Of course, we have the option of whether to achieve horizontal scale via local or cloud machines. In the case of local machines, this means procuring the necessary quantity of servers, physically maintaining them, and configuring the appropriate software to coordinate computing among them. The tradeoffs associated with this approach roughly mirror those of running compute on a single local machine. There are potential benefits in the way of customizability, information security, and cost. Conversely, horizontal scaling using a managed cloud provider affords the benefits of flexibility, comparative ease of management, reliability, and pre-built tooling.

Using managed cloud resources also leads to an important orgnizational benefit. Because these offerings have a broad user base, there is a comparatively large potential labor supply. That is, there are more hirable individuals with the expertise to manage common cloud infrastructure than there are with the expertise to manage niche deployments.

As data pipelines become more complex and resource intensive, the need for horizontal scaling typically follows. Certain organizations, particularly very large ones, may have specific needs which warrant the maintenance of physical computing infrastructure. However, many organizations find that the use of a virtual private cloud is the appropriate means of achieving the horizontal scale required by their pipelines.

Serverless Computing

Another computation framework which has emerged more recently is serverless computing. Of course, there are actually servers which handle compute but their administration is abstracted from the end user. In the serverless compute model, application code is executed by a cloud service provider using physical machine resources that they provision and administer. The client of the serverless compute is only responsible for specifying the executable and associated meta-data (i.e. timing, function inputs, etc.).

As a comparatively nascent space, the the options within serverless computing are evolving rapidly. In addition to serverless compute, commercial offerings exist for serverless databases in which the scaling and management of the database is abstracted from the user by the cloud provider. It seems reasonable to expect that both the variety and quality of such offerings will continue to grow quickly.

The primary advantage of the serverless framework is the ease of administration. Because this work is abstracted from the client, the need for both effort and expertise on this front is removed. This allows users to focus on the particulars of their application logic and not need to think about the infrastructure which is responsible for the execution.

An additional advantage is cost. Depending on the usage pattern, serverless compute is often cheaper than having dedicated machines. For systems in which compute is intermittent and there are long periods of machine resource underutilization, serverless compute is likely to be a cost effective solution. Existing serverless compute offerings charge for the compute time used so if dedicated machines sit idle, they will have a high cost relative to their on-demand counterparts.
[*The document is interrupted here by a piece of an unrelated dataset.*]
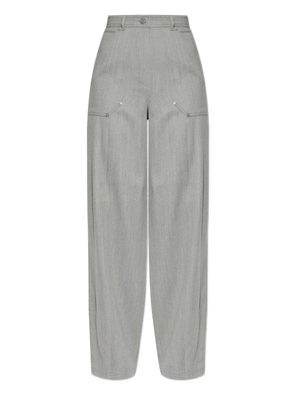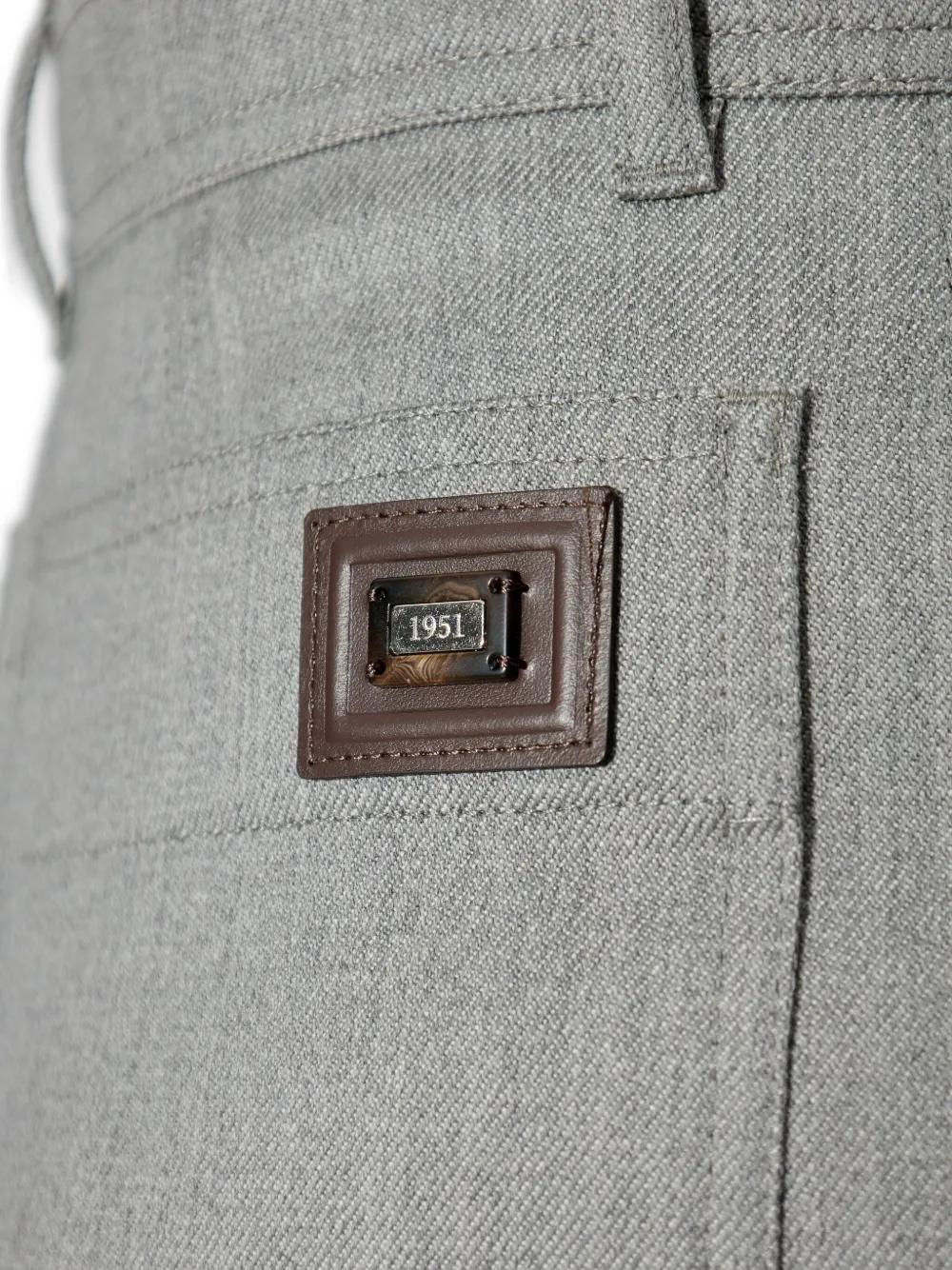 light grey seam detail belt loops rear logo patch button fastening front pockets

Another, related, benefit of serverless compute is the elasticity of resources. Machines are requisitioned by the cloud provider to accommodate the application at runtime so effectively arbitrary changes in scale are possible. If the system has no work to complete, then no physical resources are claimed or paid for. As work is demanded by the system, the appropriate amount of compute resources are acquired for the duration of the tasks.

There are important tradeoffs to consider when transitioning to a serverless architecture. While the benefits of serverless are significant, it is not the correct choice for all computing contexts.

First, there are systems for which serverless computing would be meaningfully more expensive. We highlighted that alternation between bursts of compute and periods of idleness is a usage pattern which is handled in a cost effective manner by serverless compute. The inverse is also true. If resource usage is consistently high, then a dedicated machine is likely a cheaper option; perhaps significantly so.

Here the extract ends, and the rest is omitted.